Commodity Stocks And The odd components We Face
At this point in history, the resource cycle formula is a bit more complex. Accordingly, your conclusion to invest in commodity stocks should be driven not only by the natural cycle and any undue influence that can affect cost, but furthermore other realities that can sway the cycle. expressly, we now have to powerfully consider the function of emerging markets. Key nations round the world are modernizing, and their people are upgrading their value of life with goods and services that need assets.

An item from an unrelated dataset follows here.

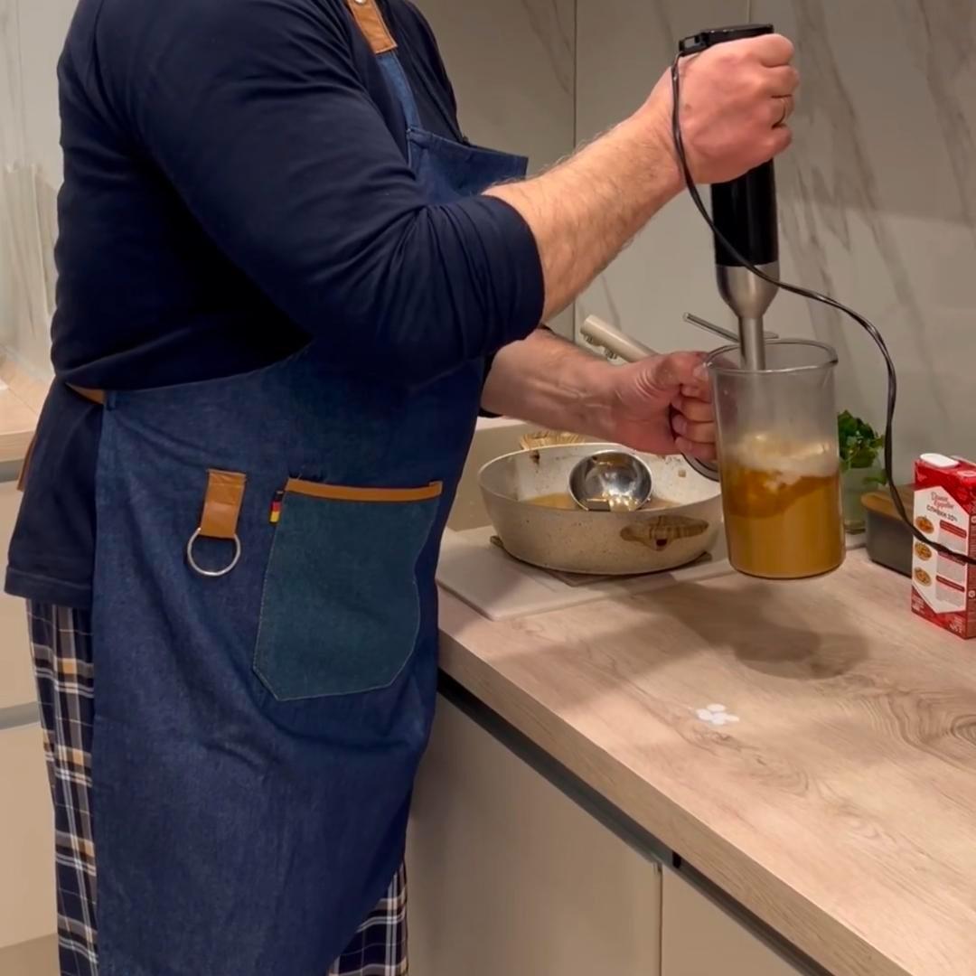 Когда мясо станет очень мягким, его извлекают из соуса. Овощную массу из сковороды взбивают блендером в однородный соус, предварительно удалив палочку корицы и веточки тимьяна. В соус добавляют сливки и снова взбивают.

The United States utilised to be a issue of quotation, as it was the largest buyer of products. This is no longer true. Countries like Russia, China, India, and Brazil are increasing infrastructure and upgrading way of life. The intensified demand, really voracious appetite for natural resources, has blown demand way past the steady requirements that permitted for the usual cycle. These days, the standard expected glut of raw components and products that would ordinarily put some manufacturers on the margins is not so forthcoming. buyers are raising their hands to demand resources much quicker than they can be produced.
Commodity Stocks And The Manipulative components We FaceTo add to the complexity of buying into in commodity stocks, there are still other factors that weigh in. occasionally commodities will undergo price suppression for political causes, such as elections. Friends of the government Reserve, such as J.P. Morgan Chase, may engage in boundless nude short-selling of shiny, utilising this paper shiny to by artificial means beat down shiny prices and prop up the staining U.S. Dollar. Central banks may deal gold to flood the market with supply and ratchet down escalating cost increases. These machinations will not finally prevail, but they do muddy the waters and elongate the timelines. This calls for expert guidance when buying into in commodity stocks and resolve to win big.
About the Author
Ankita Jaiswal MBA (E-commerce)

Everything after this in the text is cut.